Maybe it could be handle as Option<_>?

Is there some workaround to execute theses models without change the internal model files? How can I handle an exported onnx model that doesn't have the tokenizer.json file?

kallebysantos avatar Sep 04 '24 08:09 kallebysantos

I'm seeing the same error with Python when trying to read the tokenizer from Xenova/speecht5_tts.

wget https://huggingface.co/Xenova/speecht5_tts/resolve/main/tokenizer.json
from tokenizers import Tokenizer

Tokenizer.from_file("tokenizer.json")
thread '<unnamed>' panicked at /Users/runner/work/tokenizers/tokenizers/tokenizers/src/normalizers/mod.rs:143:26:
Precompiled: Error("invalid type: null, expected a borrowed string", line: 1, column: 28)
note: run with `RUST_BACKTRACE=1` environment variable to display a backtrace
...
pyo3_runtime.PanicException: Precompiled: Error("invalid type: null, expected a borrowed string", line: 1, column: 28)

With Tokenizers 0.19.0, this raised an error which could be handled rather than a panic. It looks like this may be related to #1604.

ankane avatar Sep 18 '24 01:09 ankane

I'm also facing the same issue (#1645) with speecht5_tts.

vicantwin avatar Oct 05 '24 20:10 vicantwin

I think passing a "" might work. cc @xenova not sure why you end up with nulls there, but we can probably syn and I can add support for option!

ArthurZucker avatar Oct 06 '24 08:10 ArthurZucker

I think passing a "" might work. cc @xenova not sure why you end up with nulls there, but we can probably syn and I can add support for option!

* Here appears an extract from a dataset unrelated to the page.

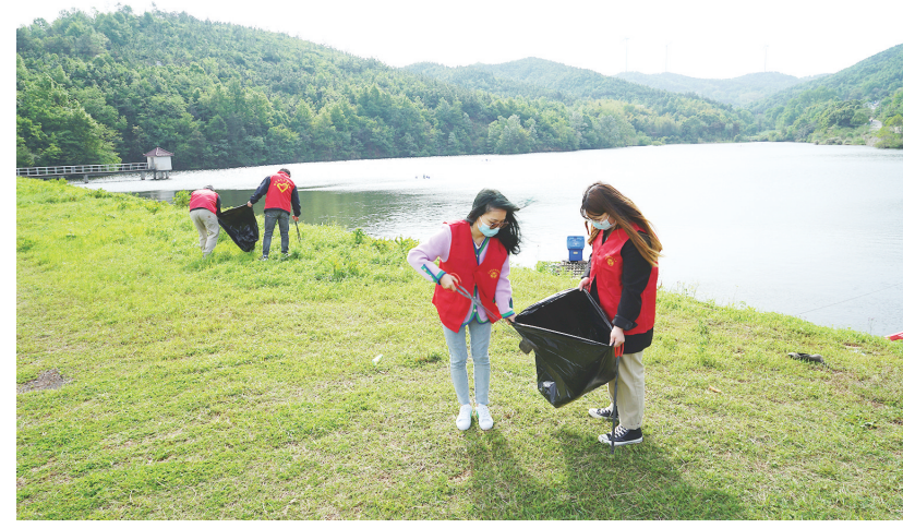
4月14日,怀宁县石镜乡青年志愿者在红星水库周边捡拾垃圾。今年以来,该县深入开展全域环境整治,擦亮乡村旅游高质量发展的美丽“底色”。

现“办理一案、整治一片”效应。 奶茶饮品店销量大、影响广、受众集中于青少年。该县检察院干警对辖区内奶茶饮品店开展专项巡查。重点检查奶茶店环境卫生及存储的食品原料情况,检查现场发现个别奶茶店存在食材存放不当、使用变质水果与过期原料等食品安全问题。检察干警现场配合有关行政执法人员固定证据,依法督促及时全面履行监督管理职责。该院还将视情开展“回头看”,确保有关问题整改到位。(通讯员 方唐亮)

Xenova implementation doesn't call the value directly but applies iterators over config normalizers. I think that it ignores the null values.

I agree with you, add support for Option<> may solve it.

kallebysantos avatar Oct 06 '24 08:10 kallebysantos

I've implemented spm_precompiled with null support at vicantwin/spm_precompiled, which includes a test with null support, and all tests pass successfully.

But, I need some help with changing this repository, as I'm not entirely familiar with this codebase and unsure how to implement the necessary changes. Any help would be greatly appreciated.

vicantwin avatar Oct 06 '24 15:10 vicantwin